Development of a linear dual column HPLC-MS/MS method and clinical genetic evaluation for tramadol and its phase I and II metabolites in oral fluid.

Tramadol is a centrally acting synthetic opioid analgesic and has received special attention due to its abuse potential and unexpected responses induced by CYP2D6 polymorphism. Oral fluid is an advantageous biofluid for drug analysis due to non-invasive sampling and high correlation of drug concentrations with plasma. However, few studies have been performed on distribution of tramadol and its metabolites in oral fluid. In the present study, a linear dual column HPLC-MS/MS method was developed and fully validated for the simultaneous determination of tramadol and its phase I [O-desmethyltramadol (ODMT), N-desmethyltramadol (NDMT) and N,O-didesmethyltramadol (NODMT)] and II metabolites in oral fluid. Furthermore, the distribution of tramadol and its metabolites, in relation to CYP2D6 genetic variations, in oral fluid was investigated following a clinical study including 23 subjects with CYP2D6*wt/*wt, CYP2D6*10/*10 or CYP2D6*5/*5. The validation results of selectivity, matrix effect, linearity, precision and accuracy were satisfactory. Pharmacokinetic parameters, such as Css,max and AUC0-τ of tramadol, NDMT and NODMT, in the CYP2D6*10/*10 group were significantly higher than those in the CYP2D6*wt/*wt group. Moreover, the ratios of ODMT/tramadol, NDMT/tramadol and NODMT/NDMT correlated well with the CYP2D6 genotypes. We demonstrated that oral fluid is a promising biofluid for pharmacokinetic evaluation in relation to genetic variations.

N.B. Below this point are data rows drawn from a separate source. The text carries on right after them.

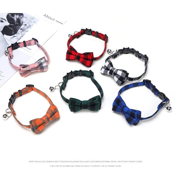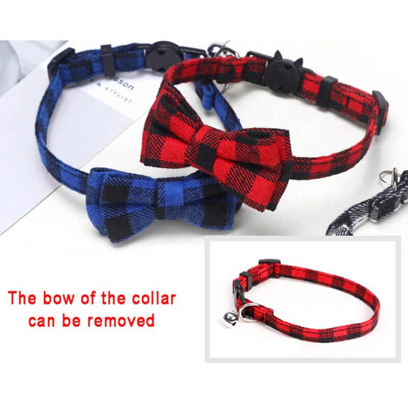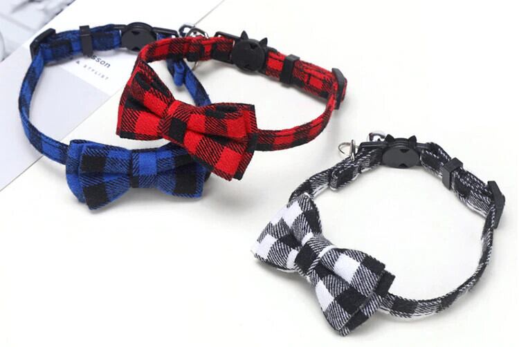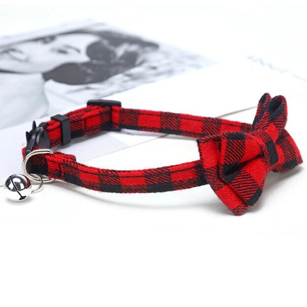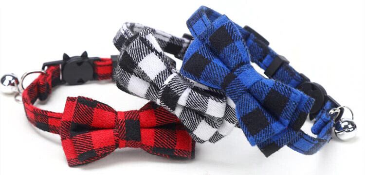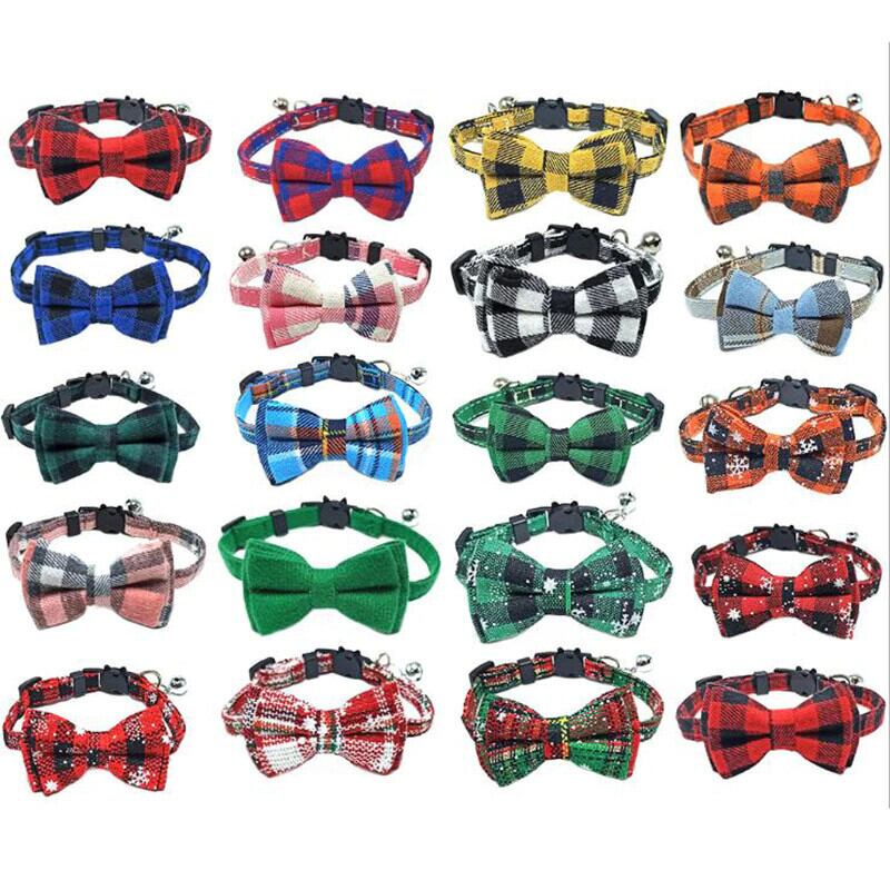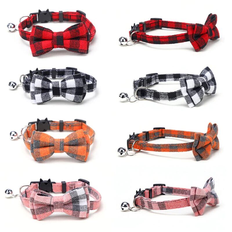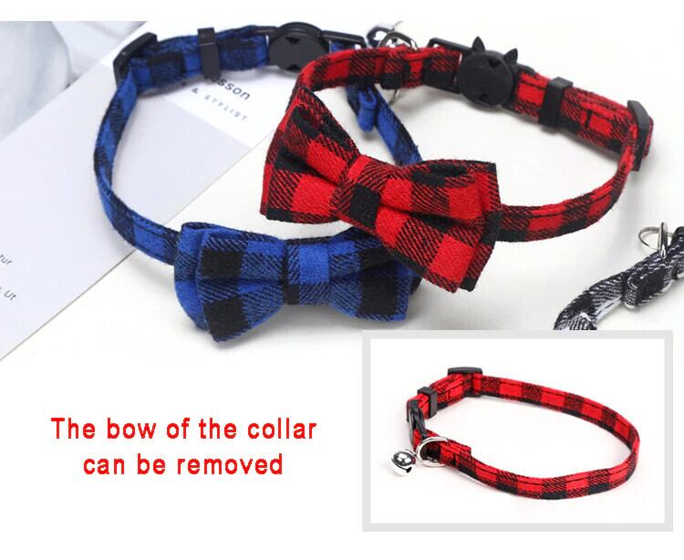 ちょう結び離脱猫の首輪蝶ネクタイ安全バックルチェック柄クリスマスチワワネックレス弾性調節可能な犬の首輪子犬
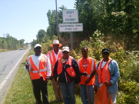 Working with fellow members of the Waxhaw-Mineral Springs Optimist Club during one of the club's Highway 75 cleanup days on April 14, 2012. | |
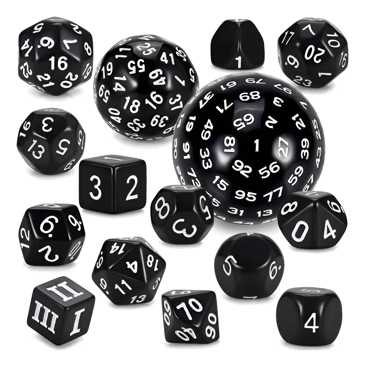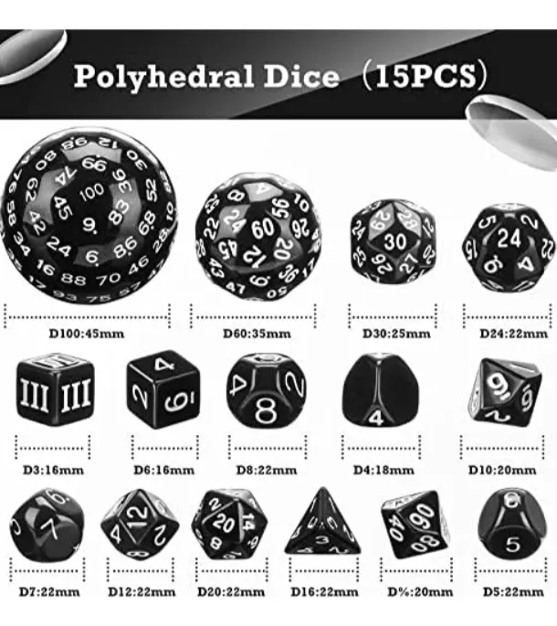 El paquete incluye: 15 dados poliédricos, contiene D3, D4, D5, D6, D7, D%, D8, D10, D12, D16, D20, D24, D30, D60 y D100, juego completo de dados para satisfacer tus necesidades de juego de mesa Duradero y fiable: los dados están hechos de material acrílico de alta calidad, duradero, suave, impermeable y resistente al desgaste, con gran solidez del color y sensación cómoda al tacto-
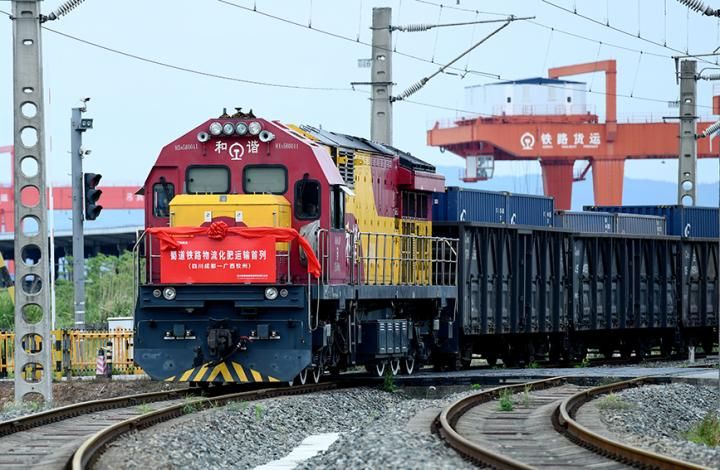 为确保化肥班列的顺利开行,中国铁路成都局集团有限公司成都北站将班列运输组织列入常态化重点工作实施,积极协调两级调度部门,加强企业货主沟通联 系,精 确掌握班列开行动态、企业运输需求,不断优化运输组织调配,强化运输安全管控,细化服务保障措施,充分发挥铁路一盘棋、全路一张网作用和优势,高度协同, 高效沟通,使西部陆海新通道发展的引擎更强劲有力。胡志强摄(人民图片网)
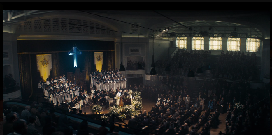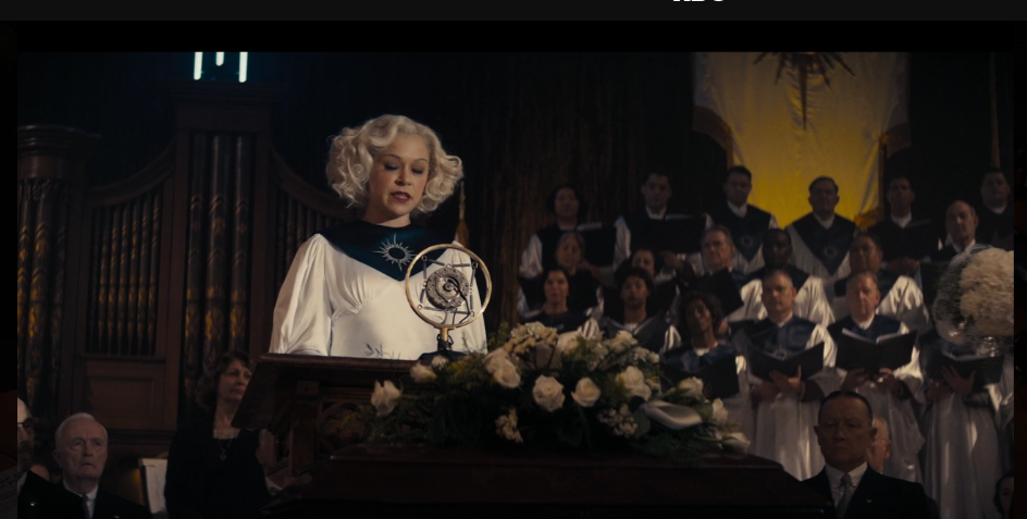 Sister Alice McKeegan, played by Tatiana Maslany, radio evangelist of the Radiant Assembly of God, is clearly based on Aimee Semple McPherson of the International Church of the Foursquare Gospel, headquartered in Echo Park. Sister Aimee was pioneering in her use of radio to reach more parishioners. Her disapearance in 1926 caused a massive scandal. You can read my previous post on Sister Aimee here.
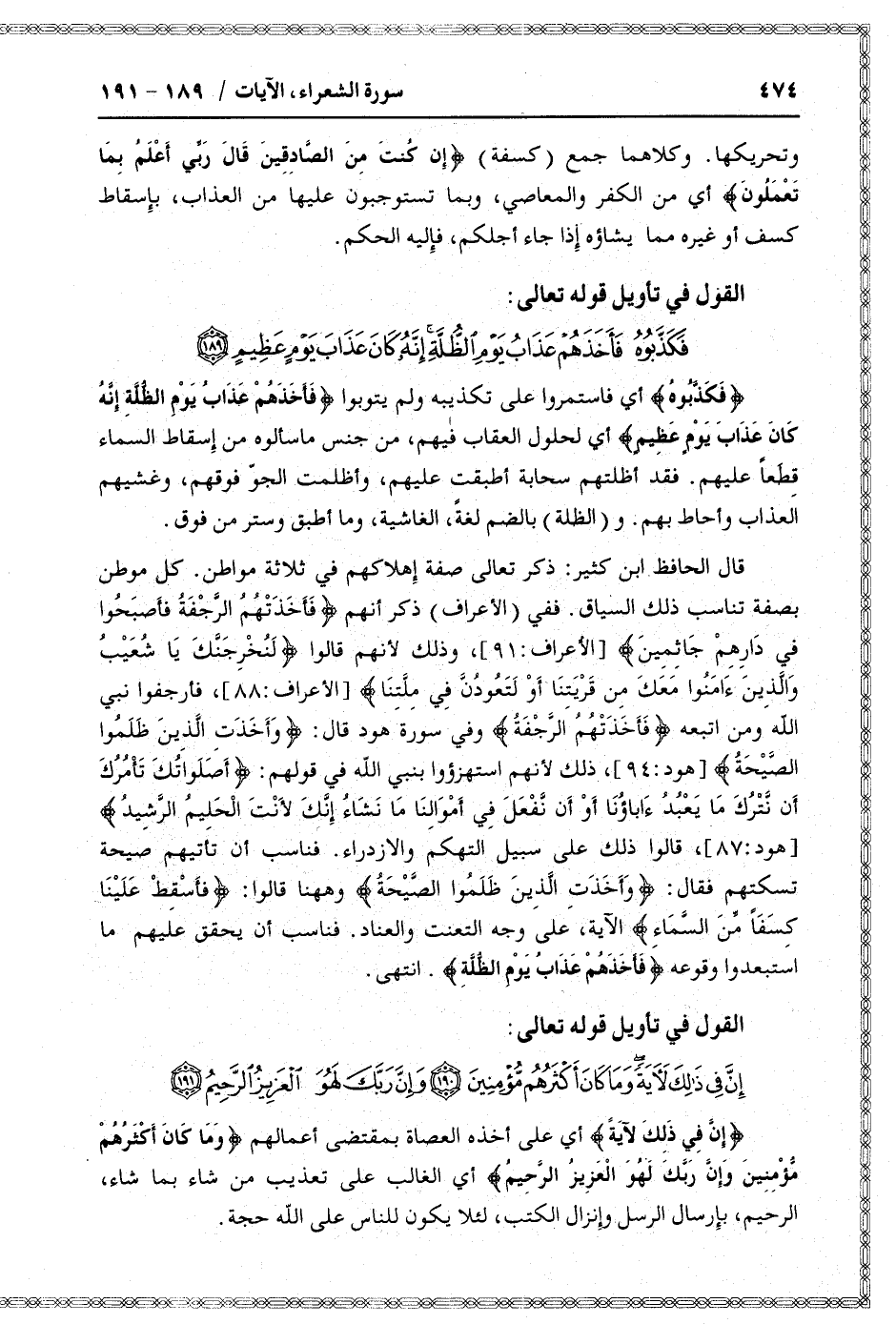 القول في تأويل قوله تعالى: [سورة الشعراء (26) : الآيات 190 الى 191]
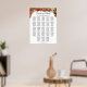 Faites en sorte que vos invités trouvent facilement leurs tables assignées à votre réception de mariage avec ce magnifique tableau de 23 places. Il présente une bordure de roses victoriens et d'autres fleurs vintages dans des couleurs d'automne riches et profondes, y compris le rouge, le rose corail, l'or, la prune et l'orange. Idéal pour un mariage de automne ou un mariage avec un thème de couleur bordeaux. Peut accueillir 230 convives.
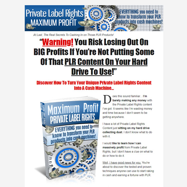 As you can see, through Maximum Profit Private Label Rights!, you’ll learn quite a few things about how to explode YOUR sales and profits using Private Label Rights products...
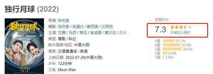 其实,早在开分时,该片就存在着不少差评,而且观众打差评的理由大致上都差不多。那就是《独行月球》虽然打着科幻喜剧,并且有着沈腾和马丽这两位喜剧演员的加盟。但其实该片的笑点非常低,更有网友吐槽该片的剧情就像是大学时期晚会的小品一样。
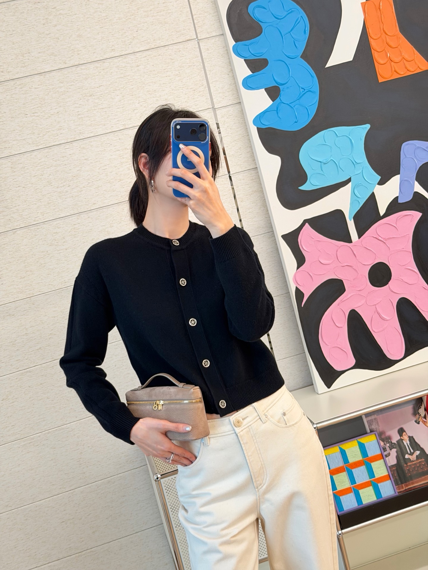 最新款针织衫登场,让人一眼心动, 极简与老钱风的完美结合,质感无可挑剔✨ 定制纽扣与后背缕空织法尽显匠心,细节精致度满分, 上身立显高级气质,版型优雅利落,注定成为你的衣橱挚爱❤️ 不仅温暖舒适,时髦度更是直接拉满,别犹豫,赶紧入手吧,黑/白两个色,SML

Role of hair pigmentation in drug incorporation into hair.

Hair analysis has notably expanded its application as a bio-monitor for drug or toxicant exposure. Hair pigmentation is proposed as a major factor affecting drug incorporation into hair; however, the mechanisms underlying the incorporation of drugs into hair are still unclear. In the present study, the effect of hair pigmentation on drug incorporation into hair was examined using rats carrying hair with different melanin status and human cells (SK-Mel-28 cells, HaCaT cells and the co-cultured HaCaT cells with SK-Mel-28 cells) representing the main pigmentary unit in hair. Tramadol, a synthetic opioid analgesic, was selected as a model drug. The distribution of tramadol and its phase I (O-desmethyltramadol [ODMT], N-desmethyltramadol [NDMT] and N,O-didesmethyltramadol [NODMT]) and phase II metabolites (ODMT-glucuronide and NODMT-glucuronide) was investigated in non-pigmented and pigmented hair from Long-Evans rats. Moreover, the incorporation levels of ODMT and ODMT-glucuronide were compared in hair cells. The concentrations of tramadol and its phase I metabolites were significantly higher in pigmented rat hair while those of phase II metabolites did not showed any consistent significant difference depending on the status of hair pigmentation. ODMT was taken up to a greater extent than ODMT-glucuronide by SK-Mel-28 cells, HaCaT cells and the co-cultured HaCaT cells with SK-Mel-28 cells. Notably, the incorporated level of ODMT was higher in SK-Mel-28 cells than HaCaT cells and the concentration difference of ODMT was significantly larger than that of ODMT-glucuronide. This study clearly demonstrated that hair pigmentation played a role as a facilitating factor for the incorporation of basic compounds and provided insight into the drug incorporation process into hair.